Addressing the new study, cancer researcher Dr. Tomer Cooks from Ben-Gurion University of the Negev, Be’er Sheva, said: “In recent years, concerns have been raised regarding the nail polish dryers making use of UV light to harden gel nail, potentially inflicting damage to the DNA in the client’s skin – thus increasing the risk for skin cancer.

“In the new study, researchers focused on the specific radiation spectrum generated by the drying machines, in an attempt to mimic the doses of radiation to which clients are exposed. This is the first attempt to assess and characterize the damage that these lamps are liable to cause, in order to raise awareness about this subject,” he added.

It is difficult to find alternatives to these drying machines, Cooks said, due to their effectiveness in speeding up the hardening of the nail polish. But, he added, the risk of DNA damage increases the more a client visits a beauty salon. “At present, clients try to avoid cumulative damage by applying sunscreen lotion to the fingers or by wearing special gloves that cover the skin around the fingernails,” he said.

A researcher at the University of California San Diego who studied the UV light-emitting devices.Credit: UCSD Jacobs School of Engineering - David Baillot

One noteworthy finding concerns the important molecular role assigned in the process to the mitochondria – organelles found within the cell enabling energy generation.

Cooks said it was found that exposure to the UV radiation causes mitochondria in the cell to generate high levels of free radicals, resulting in increased levels of mutations that appeared in the nuclear DNA.

He stressed that the study was conducted on cells grown in Petri dishes, which behave differently in comparison to skin cells in the human body. “This is an initial attempt to make general observations, and future studies will be able to continue along this route and use more complex systems,” he said.

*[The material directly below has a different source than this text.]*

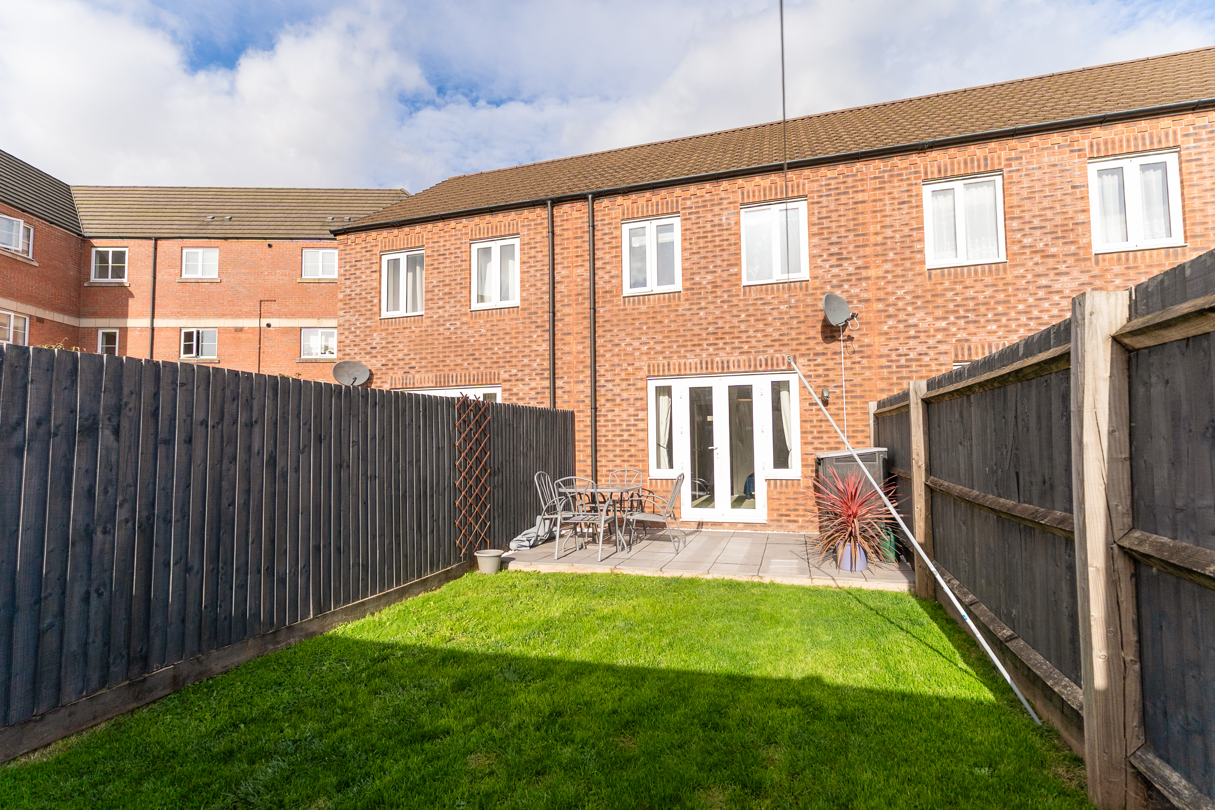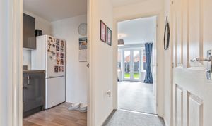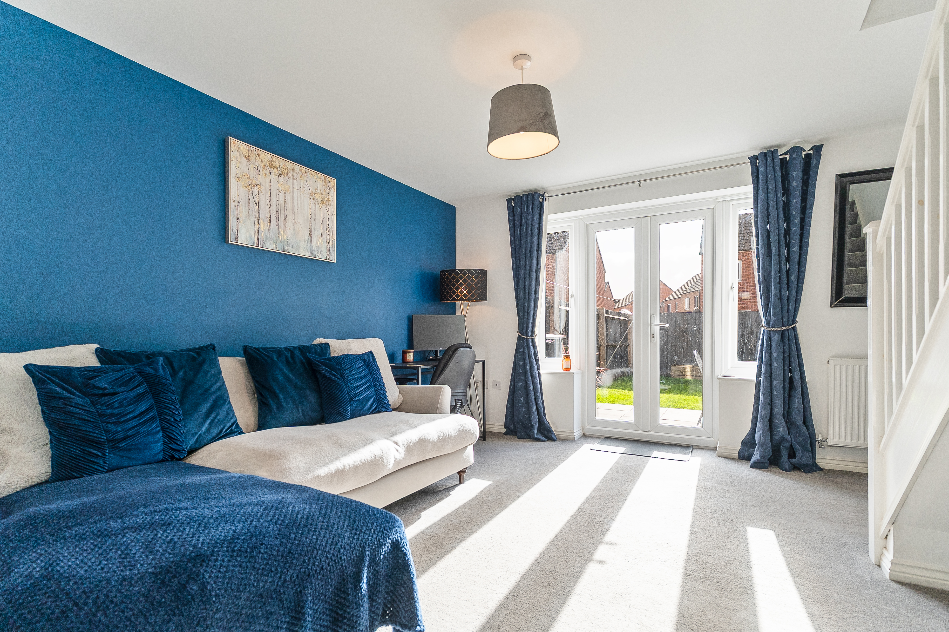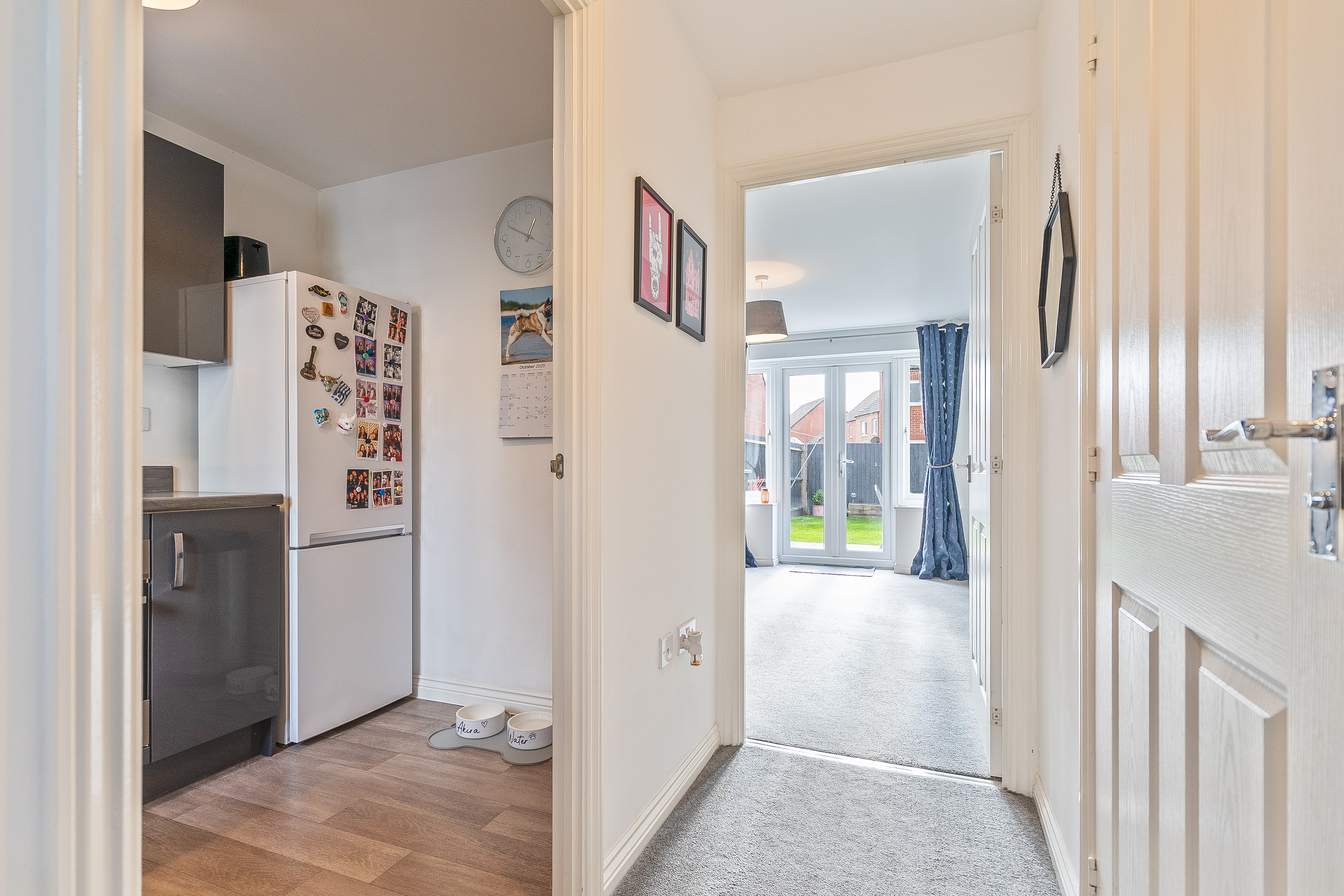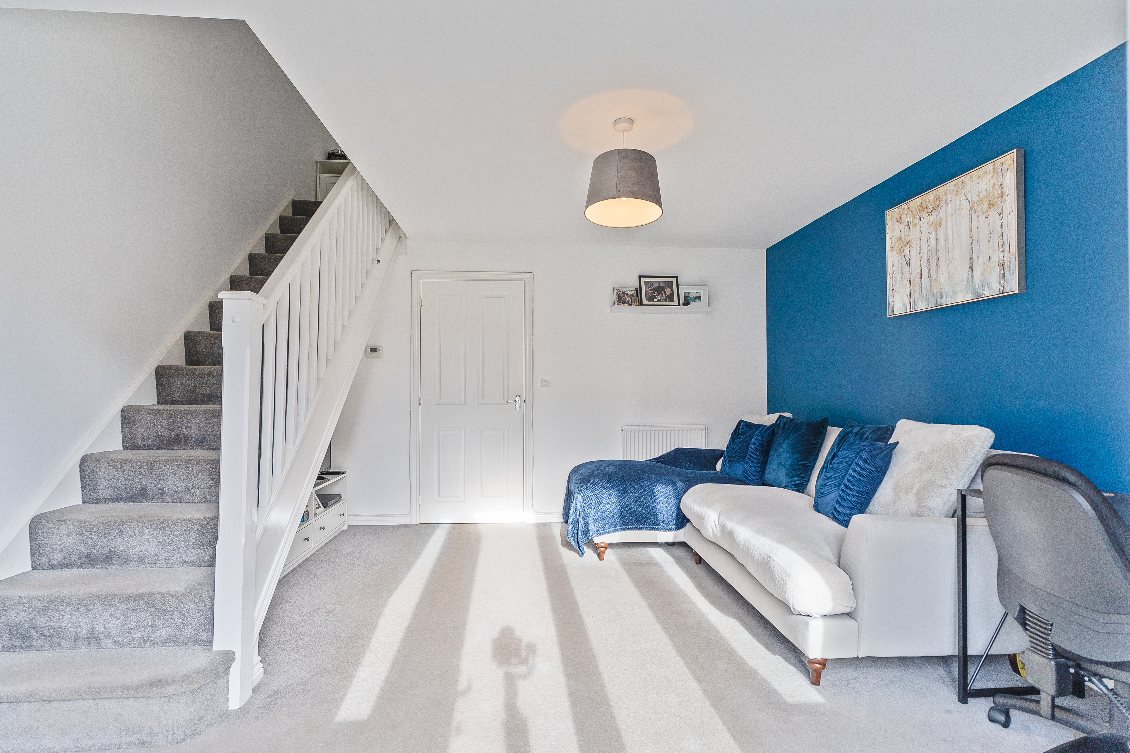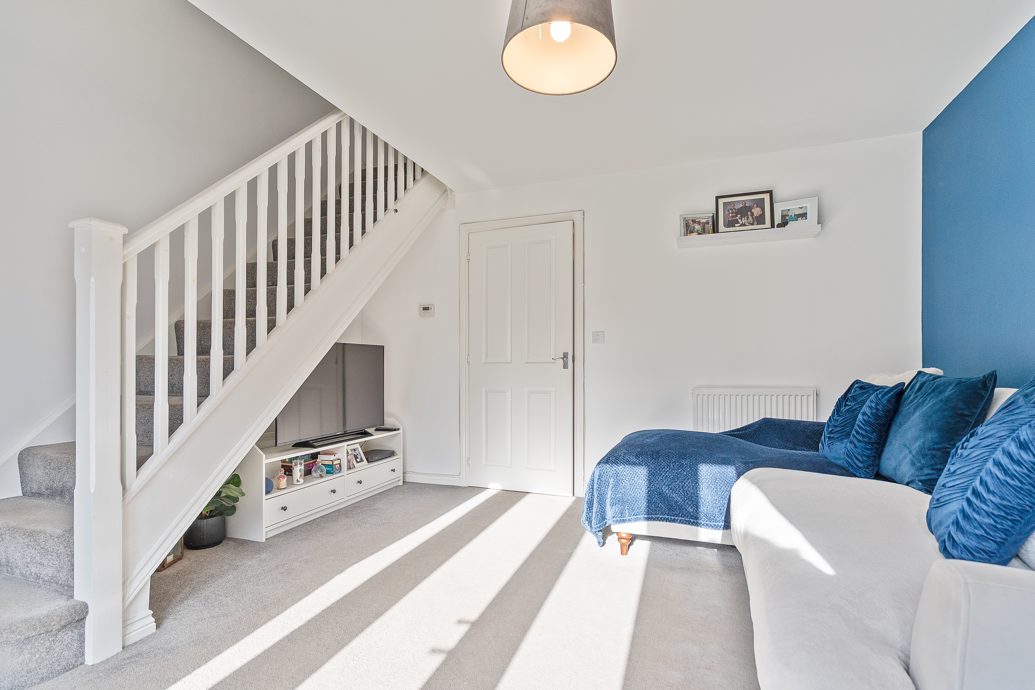 Upon entering the property, you are greeted by a welcoming hallway which provides access to the main living areas. To the right is a convenient cloakroom, complete with WC and hand basin — ideal for guests and everyday use. To the left, the kitchen offers a practical and efficient layout, fitted with ample storage and worktop space, and providing room for freestanding appliances. Moving through to the rear of the home, you’ll find the bright and spacious living area, tastefully presented and featuring patio doors that open directly onto the rear garden. This creates a seamless connection between indoor and outdoor living, making it an ideal space for relaxing or entertaining. Stairs from the living area lead up to the first floor.

In the article itself, the researchers, headed by Alexandrov, noted that the findings relate to cells in tissue culture and not living body tissue, and therefore further research is needed to determine whether use of the drying devices is actually causing an increased cancer risk – in particular concerning infrequent treatments.

The researchers noted that it would take at least a decade until the requisite studies are completed and clear conclusions could be drawn.